Troubleshootings
infoROM is corrupted (nvidia-smi return code 14)
Issue:
nvidia-operator-validator fails and nvidia-driver-daemonsets fails as well.
Observation:
Output from kubectl logs -n gpu-operator nvidia-operator-validator-xxxxx -c driver-validation:
| NVIDIA-SMI 470.82.01 Driver Version: 470.82.01 CUDA Version: 11.4 |
|-------------------------------+----------------------+----------------------+
| GPU Name Persistence-M| Bus-Id Disp.A | Volatile Uncorr.
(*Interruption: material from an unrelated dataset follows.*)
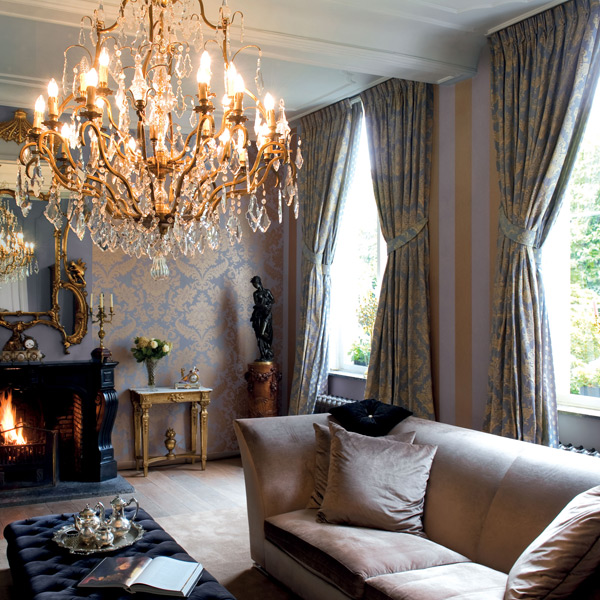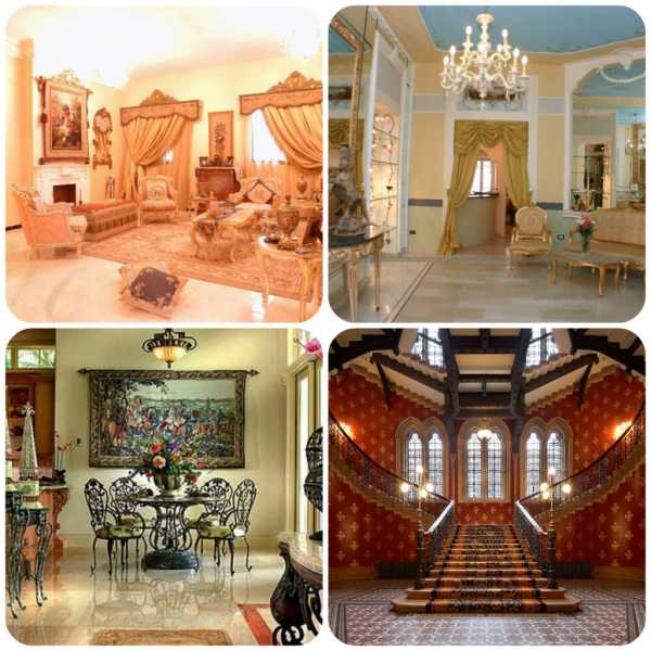 Классические формы, натуральные материалы, дорогостоящие предметы под стиль ренессанс, например, венецианское стекло. Замечательно смотрятся драпировки, ламбрекены, необычные светильники, скульптуры, старинные картины.

ECC |
| Fan Temp Perf Pwr:Usage/Cap| Memory-Usage | GPU-Util Compute M. |
| | | MIG M. |
|===============================+======================+======================|
| 0 Tesla P100-PCIE... On | 00000000:0B:00.0 Off | 0 |
| N/A 42C P0 29W / 250W | 0MiB / 16280MiB | 0% Default |
| | | N/A |
+-------------------------------+----------------------+----------------------+
+-----------------------------------------------------------------------------+
| Processes: |
| GPU GI CI PID Type Process name GPU Memory |
| ID ID Usage |
|=============================================================================|
| No running processes found |
+-----------------------------------------------------------------------------+
WARNING: infoROM is corrupted at gpu 0000:0B:00.0
14
The GPU emits some warning messages related to infoROM.
Note:
possible return value for nvidia-smi is listed below (reference: nvidia-smi specification):
RETURN VALUE
Return code reflects whether the operation succeeded or failed and what
was the reason of failure.
· Return code 0 - Success
· Return code 2 - A supplied argument or flag is invalid
· Return code 3 - The requested operation is not available on target device
· Return code 4 - The current user does not have permission to access this device or perform this operation
· Return code 6 - A query to find an object was unsuccessful
· Return code 8 - A device's external power cables are not properly attached
· Return code 9 - NVIDIA driver is not loaded
· Return code 10 - NVIDIA Kernel detected an interrupt issue with a GPU
· Return code 12 - NVML Shared Library couldn't be found or loaded
· Return code 13 - Local version of NVML doesn't implement this function
· Return code 14 - infoROM is corrupted
· Return code 15 - The GPU has fallen off the bus or has otherwise become inaccessible
· Return code 255 - Other error or internal driver error occurred
Root cause:
nvidi-smi should return a success code (Return code 0) for driver-validator to pass and GPU operator to successfully deploy driver pod on the node.
Action:
replace the faulty GPU
EFI + Secure Boot
Issue: GPU Driver pod fails to deploy
Root cause: EFI Secure Boot is currently not supported with GPU Operator
Action: Disable EFI Secure Boot on the server